Las Vegas Sun

April 16, 2024

Guest column:

Kavanaugh’s record on voting rights is alarming

The nomination of Brett Kavanaugh to the Supreme Court has sparked conversations about how a conservative majority of justices could affect historically oppressed communities.

At Make It Work Nevada, we resist policies and practices that constrict communities of color and women. While we know that a court with Kavanaugh in place of Anthony Kennedy could roll back abortion access, religious freedom, affirmative action and more, it’s important to remember that voting rights are on the chopping block too.

The possibility of living in a country with rampant voting restrictions is quickly becoming a reality with this announcement. In 2011, South Carolina attempted to implement a policy requiring stricter photo identification requirements for voters. Mind you, the lawmakers in support of this bill did not present one case of voter fraud as evidence of its need. These requirements would disproportionately affect black voters, and black legislators in South Carolina knew it. They staged a walkout when the first version of the bill was introduced to the House in 2009. In 2011, the bill was signed into law, but the federal government intervened, claiming such a law violated the Voting Rights Act.

The Voting Rights Act of 1965, fought for long and hard in the civil rights movement, outlawed methods used by southern states to prevent African-Americans from voting. The Voting Rights Act prohibits states from implementing such voting qualifications as the literacy test given to black voters in Jim Crow Alabama. In the case of South Carolina, the Justice Department rejected the law.

That’s where Kavanaugh comes in. As a judge on the Washington, D.C., Circuit Court of Appeals in 2012, he voted to uphold the South Carolina Voter ID law that the Obama administration had struck down. He denied the law’s potential impact of disenfranchising nearly 80,000 voters, insisting that the law was misunderstood by the Justice Department.

At the time of his judgment, 19 states had just implemented a slurry of voting restrictions that disproportionately targeted voters of color. These states included Alabama, Florida, Georgia, Mississippi, Tennessee, Texas and Virginia — all states with a deeply entrenched history of racism and voter suppression.
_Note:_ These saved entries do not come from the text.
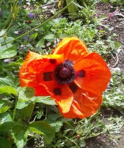 On the pavement outside our garden this little beauty I’d flowering. I think its out of a packet of wild flower seeds that my husband scattered a few months ago. It’s a surprise as the majority of poppy’s we have in the garden are yellow “Welsh” poppies. I love the crinkly way the petals expand. I’m hoping we get a few more soon.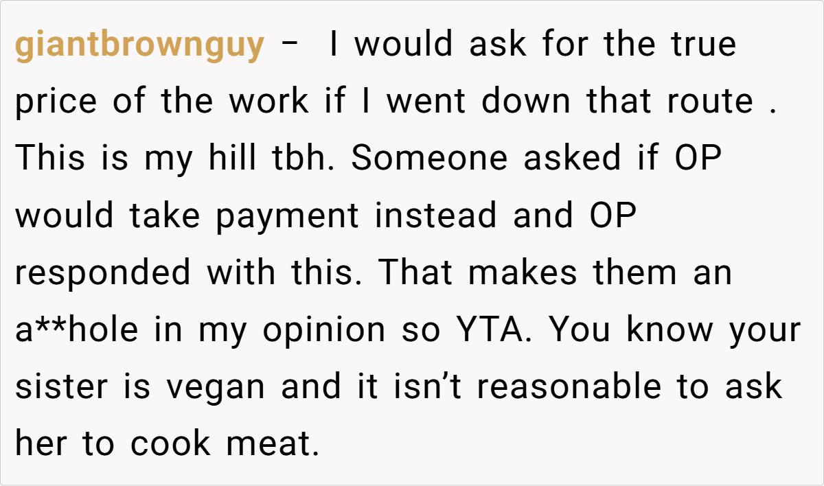 ‘AITA for telling my vegan sister that I will not remodel her home anymore if she doesn’t serve me meat?’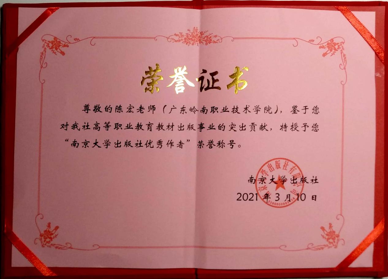 喜报丨管理工程学院中小企业创业与经营专业陈宏老师 荣获“南京大学出版社优秀作者”称号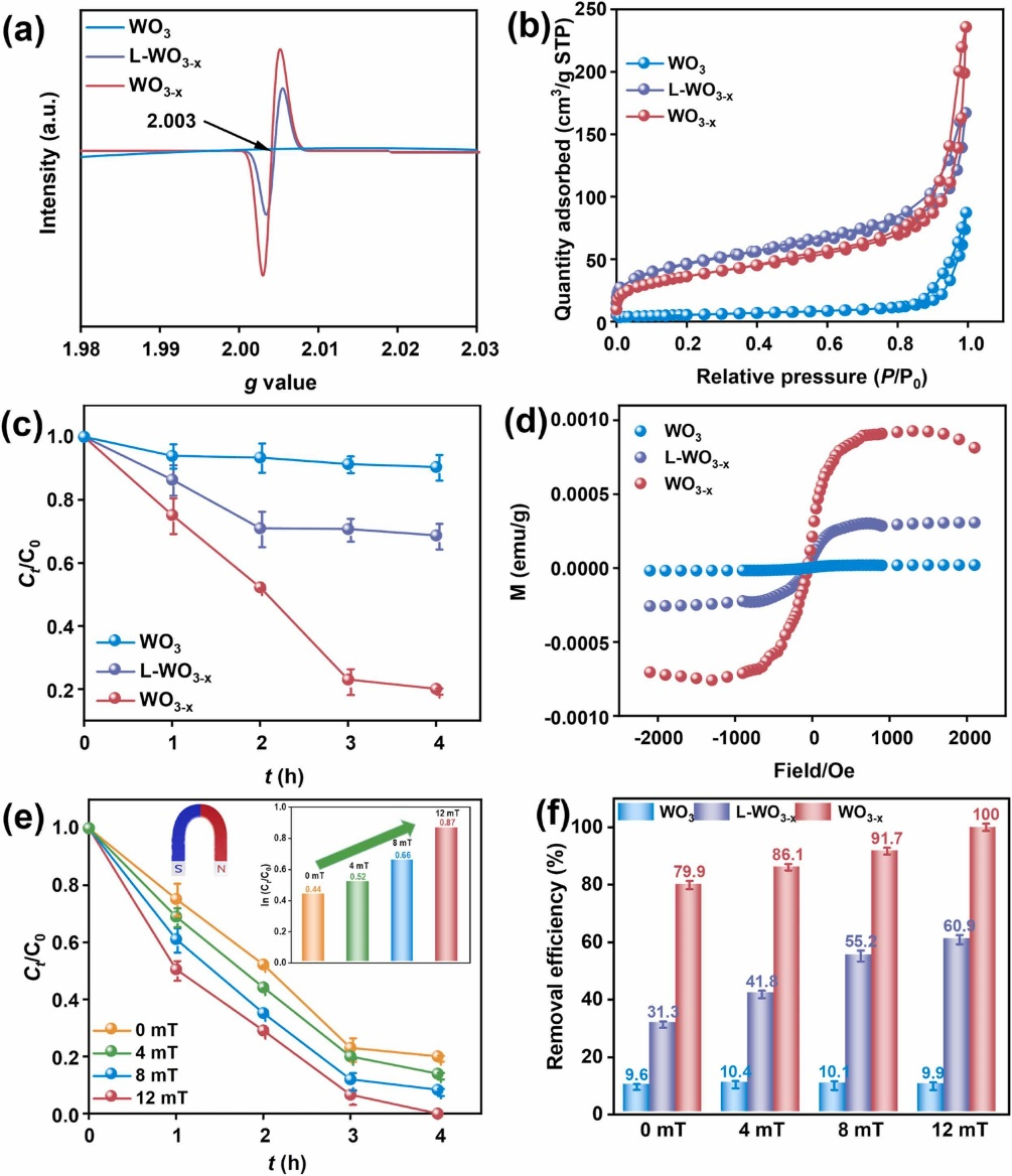 Fig. 5. (a) EPR spectra and (b) N2 adsorption-desorption curves of WO3, L-WO3-x and WO3-x; (c) U(VI) reduction kinetics by using different materials; (d) the magnetization (M-H) curves of WO3-x and WO3 at 400 K; (e) U(VI) reduction kinetics by WO3-x after the introduction of magnetic field; (f) U(VI) reduction efficiencies by using different materials after the introduction of magnetic field. (Experimental conditions: catalyst dosage = 0.2 g/L, pH = 5 ± 0.1, initial U(VI) = 10 mg/L, solar light intensity = 80 ± 5 mW/cm2, applied magnetic field = 0–12 mT).

Fast forward to now. We are living in a country that just gutted the Voting Rights Act in 2013, removing provisions that required states with a history of voter suppression to obtain federal preclearance prior to implementing new voting requirements. If you pair that with the fact that SCOTUS conservatives supported voter purging and racial gerrymandering in recent years, you see that America has a very real possibility of going backward.

Americans are diverse in opinions and may think voter restrictions could improve U.S. elections by cutting down on fraudulent ballots. They may also think that requiring voters to produce different forms of photo identification is not too much to ask.

Neither of these is the case.

Many elected leaders reject the notion of voter fraud. House Speaker Paul Ryan, Sen. John McCain and Sen. Lindsay Graham, all Republicans, have all refuted the idea that false ballots are being cast in mass numbers. Nevada’s Secretary of State, Barbara Cegavske, reported that there was no evidence of voters casting illegal ballots in Nevada in the 2016 election.

As for the idea that requiring photo identification is an easy ask, consider Larrie Butler’s story. The South Carolina-born man moved to Maryland after serving in the military. In 2010, when he returned to South Carolina, he was told he needed a South Carolina ID to vote. The then-84-year-old jumped through numerous hoops to get the documentation required for an ID and voting access, all to be told he could not yet be part of their democratic process. Butler was born at a time when black people were not allowed in some hospitals in the South and as a result, he was born at home without a birth certificate.

All of this being the case, can we afford to put Kavanaugh in a position of power? The fight for equality has been a steady push, with each generation building upon the work of the prior, and our future has no room for racist policies. Join us in making sure the court is as fair as possible by urging our senators, Catherine Cortez Masto and Dean Heller, not to confirm Kavanaugh.

Carmella Gadsen is the organizing fellow for Make It Work Nevada, a legislative advocacy program for working families.